### WHAT IS EXPECTED
Going from the top of the listing below to the line that holds "本文关于辰巳yui的基本详情介绍就讲解完毕,希望对大家有所帮助。", reproduce each line exactly; no pictures.

### ENTRIES SHOWN
------------------------------------------------------------

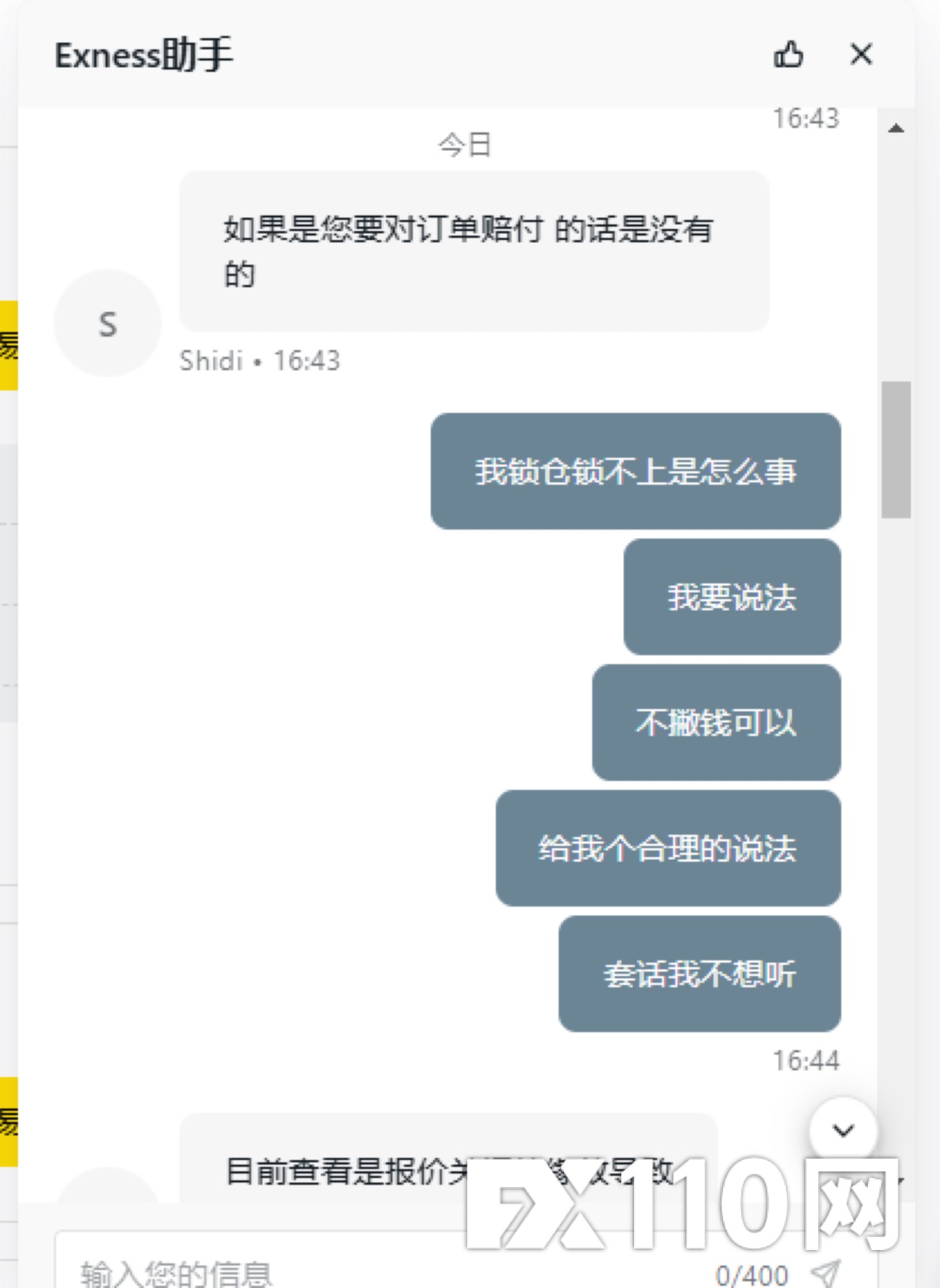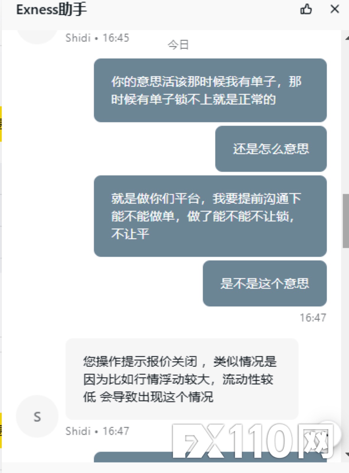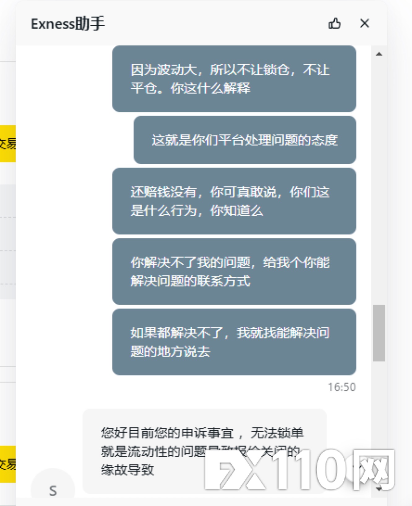 进单后,不能锁仓不能平仓,平台给的回复是那时间浮动大不能锁仓平仓是正常的。单子能不能平要平台决定这样的平台还怎么做,这和抢有什么区别。就算是撮合成交,单量不大,多委托几次,单子也一样会平出去或锁上。他这平台这纯欺负人呢。希望能帮忙反馈下,赔付我的损失。下图是我向exness平台申诉后给我回复的邮件,还有和客服的记录。
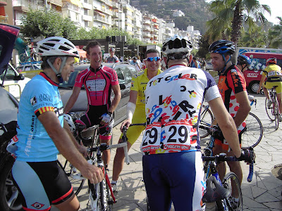 Antes de la salida, conversando con mi hermano Salva , Pedrito Soler y los campeones de Catalunya en línea Priego y de contrarreloj M.A.Cherino.(foto Xavi)
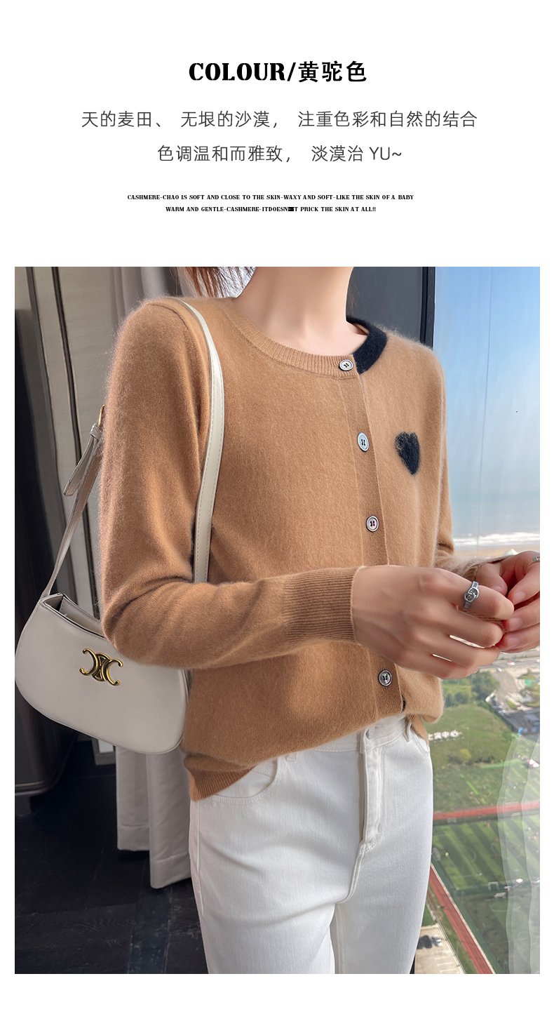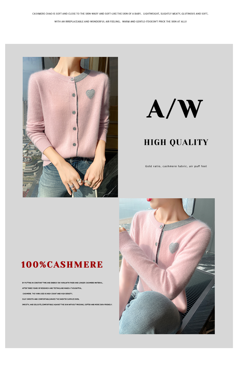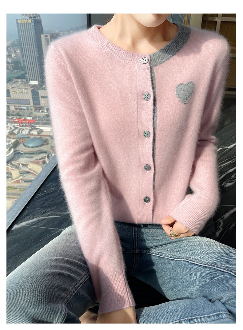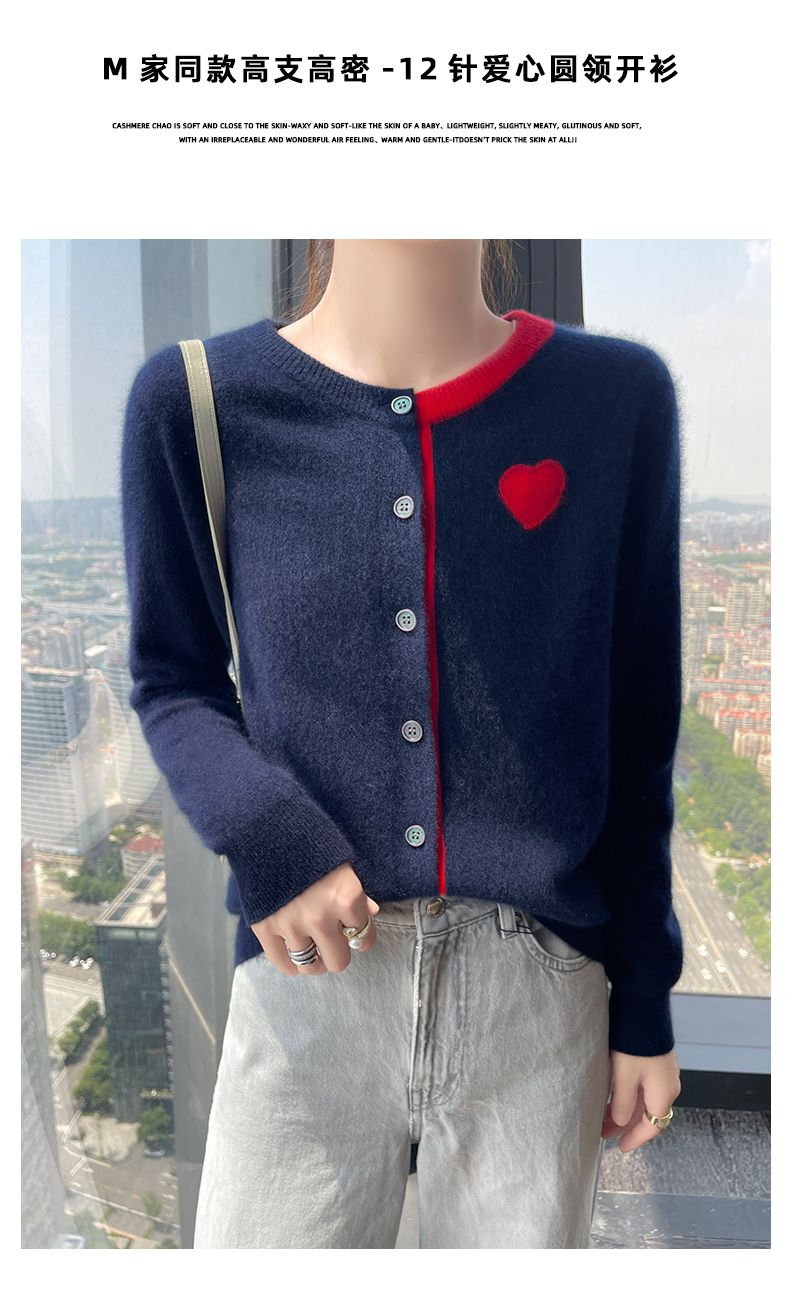 高级感山羊绒开衫女圆领甜美爱心拼色外套宽松羊毛衫上衣慵懒外搭
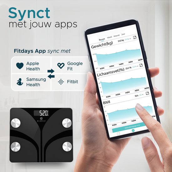 Erreichen Sie jetzt Ihre Fitnessziele! Die e.volve Personenwaage bietet bis zu 20 detaillierte Messwerte, die Ihre Fitness auf einen Blick klar und präzise anzeigen. Speichern Sie die Messergebnisse mit der App, in der Sie Ihre Fortschritte, z. B. in Bezug auf Fettanteil, Herzfrequenz, Gewicht, Muskelmasse und mehr, ganz einfach verfolgen können! Unsere App lässt sich mit Gesundheits-Apps auf iPhone, Samsung und Fitbit synchronisieren.
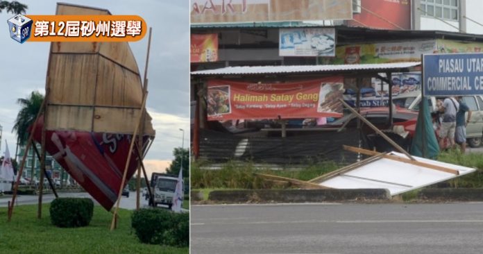 他说,据他了解,被大风吹到的有砂政盟、民主行动党、砂团结党和肯雅兰党候选人的竞选宣传看板和横幅。
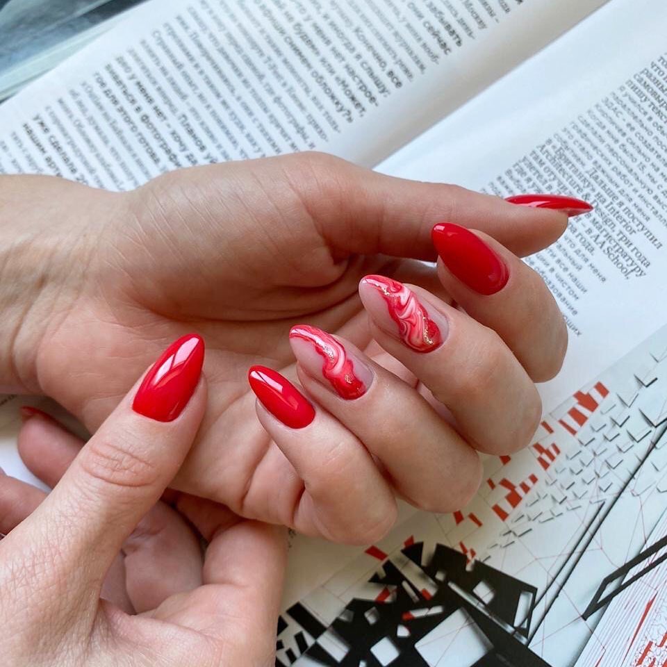 - красный. Этот цвет всегда в моде. Речь идет лишь об отдельных оттенках. В этом сезоне создать стильный маникюр не получится без винного, бордо и марсала;
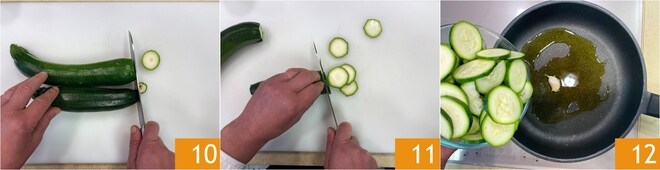 Enquanto isso, prepare também as abobrinhas: lave-as bem e corte as pontas 10, depois corte-as em rodelas 11. Em uma frigideira, coloque um fio de azeite e um dente de alho esmagado. Aqueça e adicione as abobrinhas 12.
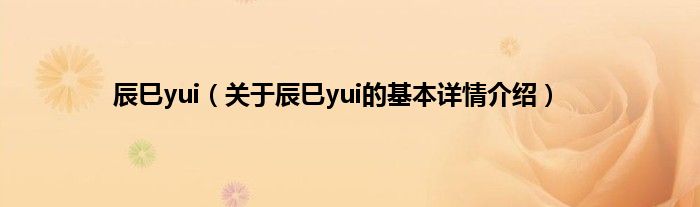 本文关于辰巳yui的基本详情介绍就讲解完毕,希望对大家有所帮助。
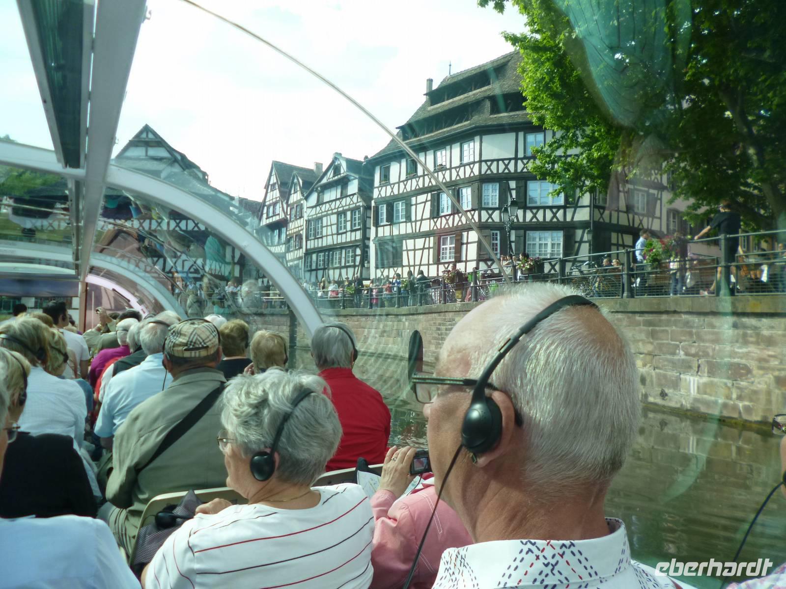 Für unsere Gruppe geht die Reise nach der Ausschiffung am nächsten Morgen jedoch weiter. Nun allerdings per Bus. Am frühen Nachmittag erreichen wir das Hotel Novotel in Straßburg für eine letzte Zwischenübernachtung. Nach einer kurzen Erfrischungspause gehen wir auf Erkundungstour ins pittoreske „Petite France". Malerische Fachwerkhäuser, schmale Gassen, lebhafte Plätze und französische Chansons machen den Charme dieses Viertels von Straßburg aus. An der Bootsanlegestelle von Batorama gehen wir erneut an Bord eines Schiffes. Diesmal zur 70-minütigen Rundfahrt auf der durch die elsässische Hauptstadt fließenden Ill. Durch das berühmte Gerberviertel „Kleinfrankreich" fahren wir zu den gedeckten Brücken, dem Vauban-Werk, zur Neustadt, bzw. dem Viertel aus der Kaiserzeit, sowie zum „Europa-Viertel" bevor das Schiff vor dem Rohan Palast wieder hält. Auf dem Weg zurück zum Hotel werfen wir noch einen Blick ins weltbekannte Münster, dem größten Bauwerk der Christenheit bis zum 19. Jahrhundert und absoluten Meisterwerk der gotischen Kunst.
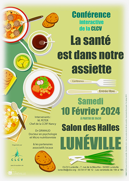Ce samedi 10 février 2024, la CLCV (association de défense des consommateurs et usagers) organise au salon des Halles de Lunéville une journée interactive sur le thème « La santé est dans notre assiette ».
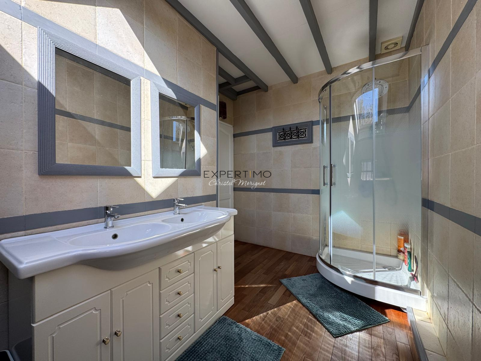 À l’étage, un couloir dessert 3 chambres, dont 2 avec dressing, ainsi qu’une grande salle d’eau avec WC.

------------------------------------------------------------

### EXERCISE RESULT
 进单后,不能锁仓不能平仓,平台给的回复是那时间浮动大不能锁仓平仓是正常的。单子能不能平要平台决定这样的平台还怎么做,这和抢有什么区别。就算是撮合成交,单量不大,多委托几次,单子也一样会平出去或锁上。他这平台这纯欺负人呢。希望能帮忙反馈下,赔付我的损失。下图是我向exness平台申诉后给我回复的邮件,还有和客服的记录。
 Antes de la salida, conversando con mi hermano Salva , Pedrito Soler y los campeones de Catalunya en línea Priego y de contrarreloj M.A.Cherino.(foto Xavi)
 高级感山羊绒开衫女圆领甜美爱心拼色外套宽松羊毛衫上衣慵懒外搭
 Erreichen Sie jetzt Ihre Fitnessziele! Die e.volve Personenwaage bietet bis zu 20 detaillierte Messwerte, die Ihre Fitness auf einen Blick klar und präzise anzeigen. Speichern Sie die Messergebnisse mit der App, in der Sie Ihre Fortschritte, z. B. in Bezug auf Fettanteil, Herzfrequenz, Gewicht, Muskelmasse und mehr, ganz einfach verfolgen können! Unsere App lässt sich mit Gesundheits-Apps auf iPhone, Samsung und Fitbit synchronisieren.
 他说,据他了解,被大风吹到的有砂政盟、民主行动党、砂团结党和肯雅兰党候选人的竞选宣传看板和横幅。
 - красный. Этот цвет всегда в моде. Речь идет лишь об отдельных оттенках. В этом сезоне создать стильный маникюр не получится без винного, бордо и марсала;
 Enquanto isso, prepare também as abobrinhas: lave-as bem e corte as pontas 10, depois corte-as em rodelas 11. Em uma frigideira, coloque um fio de azeite e um dente de alho esmagado. Aqueça e adicione as abobrinhas 12.
 本文关于辰巳yui的基本详情介绍就讲解完毕,希望对大家有所帮助。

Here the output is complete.